You don’t, exactly, but Hix and the group followed the theme of the evening, pushing at the boundaries of the tradition to create something new while honoring the past. The lineup on Friday was somewhat different than on the Cerulean LP, but each player still worked with the others to create a unified expression. Hix and Kim Rueger, alias Belly Full of Stars, generated clouds of harmony with their synthesizers, as Silverman and Billheimer played melodies and made textural accents that alternated between interlocking and reflecting off of each other. Bassist Sarah Saturday created a foundation and drove most of the glacially paced changes in the music, while Scott Mattingly occupied the highest ranges with ethereal sounds he coaxed from pedal steel and electric mandolin (occasionally using a violin bow or a screwdriver, as one does). Vocalist Deli Paloma-Sisk, who recently left Nashville for New Mexico but was back on a Yuletide visit, sang so gently that it felt like voices in my head.

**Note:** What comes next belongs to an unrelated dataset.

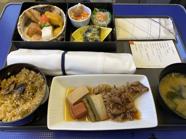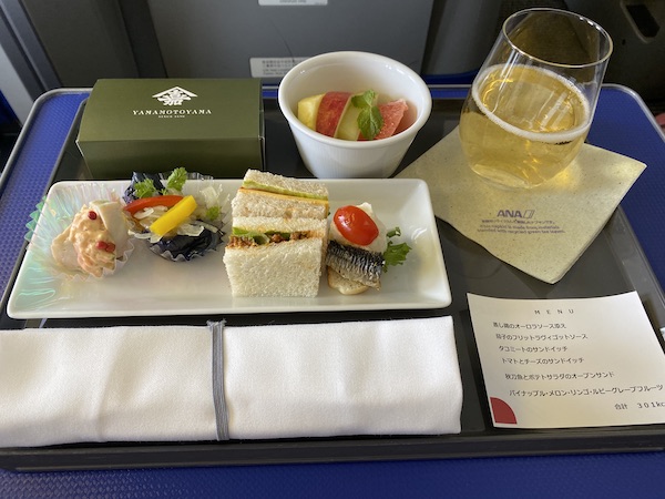 旅程は1日目、那覇市内泊。 2日目、3日目は恩納村泊。 ユッタリ過ごしたかったので、出発は昼過ぎの便で移動。 プレミアムクラスだったのでお昼御飯出ました。なかなか美味しかったし 今回初日は那覇市内に泊まるので、レンタカーは借りず機内でアルコール(シャンパン)もいただく。 やっぱり空の上で飲むお酒は酔いが早くて心地よいです。

At this reflective time of year, it’s good to remember what has come before. In the case of our collection of music scenes, which are coping with rising costs of living, the ongoing pandemic and more, that’s finding a sense of connection and belonging that cultivates the creative work that keeps inspiring people to listen — and to move here, in more than a few cases. It’s going to take more than just this year to recover from a pandemic that is clearly not over yet. There is no guarantee for what the landscape of the music business in general or our scenes in particular will look like going forward. But the ingenuity and resilience of so many of the players, label heads, venue folks and more who are out there doing the work makes it feel like there’s a chance to make something even more equitable and inclusive than before — to borrow Lou Turner’s metaphor, to widen the Venn diagram — as we try to fill the spaces left by the loss.